Whether the city of Vandalia should switch the city treasurer from an elected position to an appointed one can be debated. One factor fueling that debate was the pace at which that action was taken.
It was less than a month ago that the Vandalia City Council’s personnel, finance and insurance committee held its first meeting about possible pay increases for the city officials to be elected next spring – mayor, city clerk, city treasurer and four aldermen.
It was at that June 26 meeting that Alderman Jerry Swarm said that he was still leaning toward a referendum on making the switch in the city treasurer position.
It’s the word still that causes one to wonder when that possibility was initially discussed.
In a letter dated June 27, City Attorney Jack Johnston gave legal advice on making changes to the office of treasurer, noting that the mayor had been in contact with the Illinois Municipal League “and perhaps also with the office of the county clerk concerning a referendum on the matter.
“I have no understanding as to whether the idea of the referendum was because it was a necessary vehicle to accomplish abolition of the office, or because it would be an appropriate way to obtain advice of the city electorate,” that letter states.

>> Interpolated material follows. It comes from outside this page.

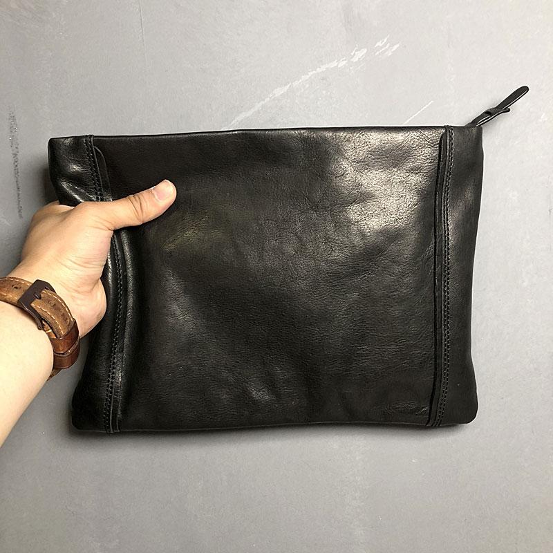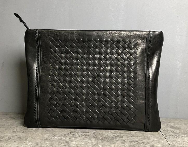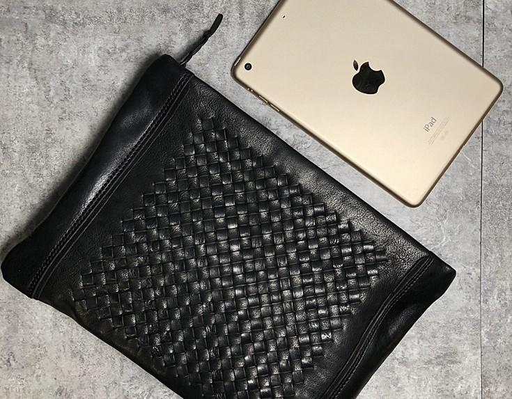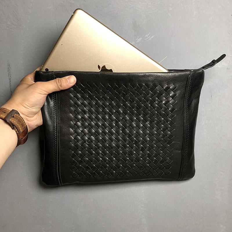 Design: Genuine Leather Braided Mens Clutch Cool Slim Wallet Zipper Clutch Wristlet Wallet for Men

As aldermen discussed the possibility of the switch at that June 26 meeting, many said they would like to get considerable public input on the idea. Some even talked of eliciting comments from the public by participating in a local talk show.
Those at the meeting talked about discussing the salaries with the full council at its next meeting, on July 2. The discussion was tabled, however, because the item was not put on the meeting agenda. It was in preparation of that July 2 meeting that aldermen received Johnston’s letter on treasurer position.
Then, on Monday night, an ordinance on making the switch was presented for a council vote, prior to any discussion by the full council.
At some point, the decision was made that the council would vote on the issue, as opposed to holding a referendum.
The council did discuss at its June 18 meeting the possibility of lowering the treasurer’s salary, with some aldermen saying they didn’t feel that it is right that the treasurer’s salary is higher than the mayor’s. But nothing about a referendum or a switch in the way the treasurer is seated was discussed.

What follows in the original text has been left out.